From the National Museum of African American Music in Nashville to the Studio Museum in Harlem, New York, Black art is easily accessible to experience up-close and personal throughout the world. However, many institutions that curate African American art in Florida are in dire need of reupholstering and a fair share of TLC.
Thankfully, lawmakers in the Sunshine State have officially secured $30 million in funding for any African American history museum in Florida that could use the financial help.
As reported by Spectrum Bay News 9, the deed was accomplished thanks to work on behalf of Senator Rudolph Bracey and Senator Daryl Rouson, with the latter politician saying in a statement, “They can receive an outright grant up to 500 thousand dollars or up to one million dollars by showing a 50 percent match. So it’s significant funding. $500 thousand is a great shot in the arm for a lot of institutions that have been struggling to find adequate funding to tell the story of African American history.”
The money is part of federal funds sent to the state, which Rouson referred to as “Biden bucks” before further adding, “It was $10 billion extra that we had to spend that created the largest budget in the history of the state of Florida.”
Here’s a breakdown via Bay News 9 of what that type of monetary gain would mean for the Dr. Carter G. Woodson African American Museum in St. Petersburg, Florida, an organization currently aiming to raise $26 million to build a new museum altogether:
“I like to affectionately call this project the Smithsonian of the South,” Woodson Museum Executive Director Terri Lipsy Scott said. “There are countless African American museums here in the state of Florida and sadly enough, not one of them have been constructed for being a proper African American museum. And with that we’re excited here at the Woodson to be at the ground level of constructing Florida’s first African American museum.
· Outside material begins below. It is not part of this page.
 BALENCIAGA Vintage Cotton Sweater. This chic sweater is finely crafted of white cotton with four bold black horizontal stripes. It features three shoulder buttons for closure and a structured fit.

And while their location next to Jordan Park is historic, Lipsey Scott said the potential for the museum is not even close to where it could be. That’s why she has been fighting for years for more funding. Now it’s paying off. They just received a land donation from the city of St. Pete along with a million dollars.
“We thought it critically important that we station ourselves. We stake a claim along 22nd Street, which is affectionately known as the deuces, where the heartbeat of the African American history and culture resided,” Lipsey Scott said.
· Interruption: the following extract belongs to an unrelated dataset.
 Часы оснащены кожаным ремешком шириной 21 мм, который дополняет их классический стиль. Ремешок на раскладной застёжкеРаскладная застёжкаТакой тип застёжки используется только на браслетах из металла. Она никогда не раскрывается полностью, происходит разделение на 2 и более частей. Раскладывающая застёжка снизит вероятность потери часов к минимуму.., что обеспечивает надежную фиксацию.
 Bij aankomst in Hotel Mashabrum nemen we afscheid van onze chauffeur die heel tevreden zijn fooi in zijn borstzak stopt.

In addition to Woodson Museum, other Black institutions set to benefit from this grant include the Haitian Heritage Museum in Miami, African American Museum of the Arts in DeLand and NRHPs like the Jackson Rooming House in Tampa among others.
Applications for the initiative are being accepted through the state’s official travel website, MyFlorida. Do you know a Black art museum in Florida that could use a piece of this payoff? Sound off and put us all on!